==== Source material ====

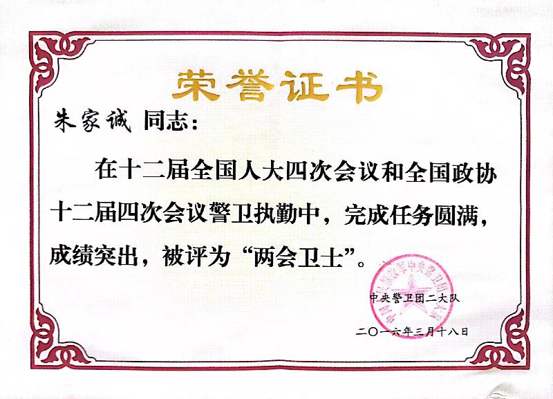 2015、2017、2018年三次参加全国“两会”现场执勤,获得“两会卫士”荣誉称号;
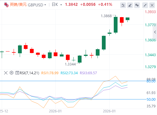 当前阻力位在1.3869,为2021年9月以来最高,紧接着是上升楔形的上界,约1.3910。持续突破可能开启新一波上涨,目标为1.4248,为2018年4月以来最高点。
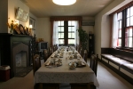 Long wooden table and wooden chairs. Fireplace and wooden framed window. The guests enjoy meals in a nice and quiet space.
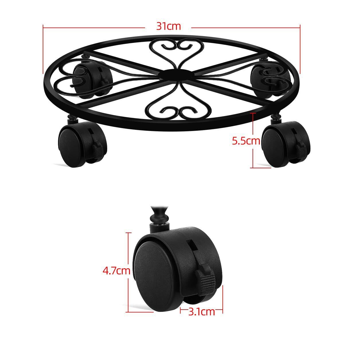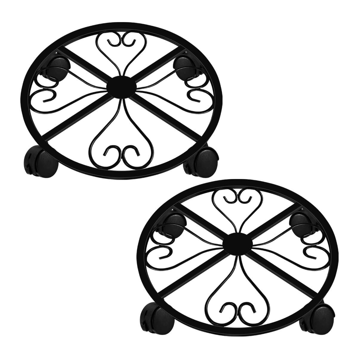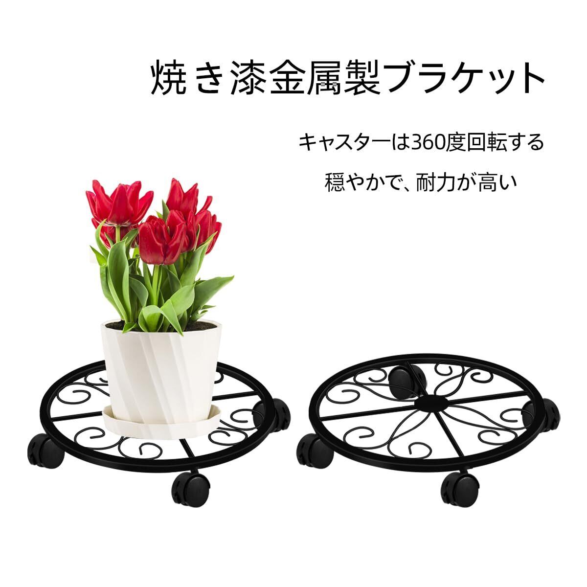 2点セット金属植木鉢フレーム車輪付き、重型防錆鉄植木鉢フレームブレーキ車輪、屋内外装飾棚、円形層化植物スタンド、360度回転キャスター、家庭と庭の装飾に適用(ブラック)

====

* [Work instructions] Your copy should hold all the data word for word. It should hold no pictures.

* [Answer section]
 2015、2017、2018年三次参加全国“两会”现场执勤,获得“两会卫士”荣誉称号;
 当前阻力位在1.3869,为2021年9月以来最高,紧接着是上升楔形的上界,约1.3910。持续突破可能开启新一波上涨,目标为1.4248,为2018年4月以来最高点。
 Long wooden table and wooden chairs. Fireplace and wooden framed window. The guests enjoy meals in a nice and quiet space.
 2点セット金属植木鉢フレーム車輪付き、重型防錆鉄植木鉢フレームブレーキ車輪、屋内外装飾棚、円形層化植物スタンド、360度回転キャスター、家庭と庭の装飾に適用(ブラック)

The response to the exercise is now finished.